Your instructions - Could you retype, exactly as written, every line from the top of the records through the line that contains "对于那些有幸参观主人卫生间的"?
......
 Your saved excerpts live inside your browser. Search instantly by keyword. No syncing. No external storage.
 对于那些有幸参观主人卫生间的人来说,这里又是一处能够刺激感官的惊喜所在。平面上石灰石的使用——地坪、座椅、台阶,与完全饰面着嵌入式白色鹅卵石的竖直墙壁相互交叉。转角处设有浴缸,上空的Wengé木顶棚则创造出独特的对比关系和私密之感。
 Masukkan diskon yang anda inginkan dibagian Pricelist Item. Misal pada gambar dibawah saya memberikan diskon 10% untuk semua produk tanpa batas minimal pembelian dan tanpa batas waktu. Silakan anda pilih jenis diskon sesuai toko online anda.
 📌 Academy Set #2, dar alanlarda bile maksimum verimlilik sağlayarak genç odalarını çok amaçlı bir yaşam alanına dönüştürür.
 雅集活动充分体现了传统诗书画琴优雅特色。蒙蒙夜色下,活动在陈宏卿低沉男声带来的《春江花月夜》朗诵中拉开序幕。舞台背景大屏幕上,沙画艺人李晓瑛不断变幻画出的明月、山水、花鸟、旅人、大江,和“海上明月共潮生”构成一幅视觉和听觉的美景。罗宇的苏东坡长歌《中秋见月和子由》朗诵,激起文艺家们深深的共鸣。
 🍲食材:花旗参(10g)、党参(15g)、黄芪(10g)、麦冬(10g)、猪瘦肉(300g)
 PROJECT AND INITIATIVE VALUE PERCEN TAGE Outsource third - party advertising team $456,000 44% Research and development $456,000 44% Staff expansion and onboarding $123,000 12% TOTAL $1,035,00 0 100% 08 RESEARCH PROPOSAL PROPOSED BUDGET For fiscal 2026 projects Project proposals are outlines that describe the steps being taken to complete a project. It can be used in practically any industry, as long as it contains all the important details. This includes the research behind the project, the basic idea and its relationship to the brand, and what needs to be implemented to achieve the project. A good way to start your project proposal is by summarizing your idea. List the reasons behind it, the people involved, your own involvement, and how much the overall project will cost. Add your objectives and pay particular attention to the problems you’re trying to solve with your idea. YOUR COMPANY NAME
......
Reply -
 Your saved excerpts live inside your browser. Search instantly by keyword. No syncing. No external storage.
 对于那些有幸参观主人卫生间的人来说,这里又是一处能够刺激感官的惊喜所在。平面上石灰石的使用——地坪、座椅、台阶,与完全饰面着嵌入式白色鹅卵石的竖直墙壁相互交叉。转角处设有浴缸,上空的Wengé木顶棚则创造出独特的对比关系和私密之感。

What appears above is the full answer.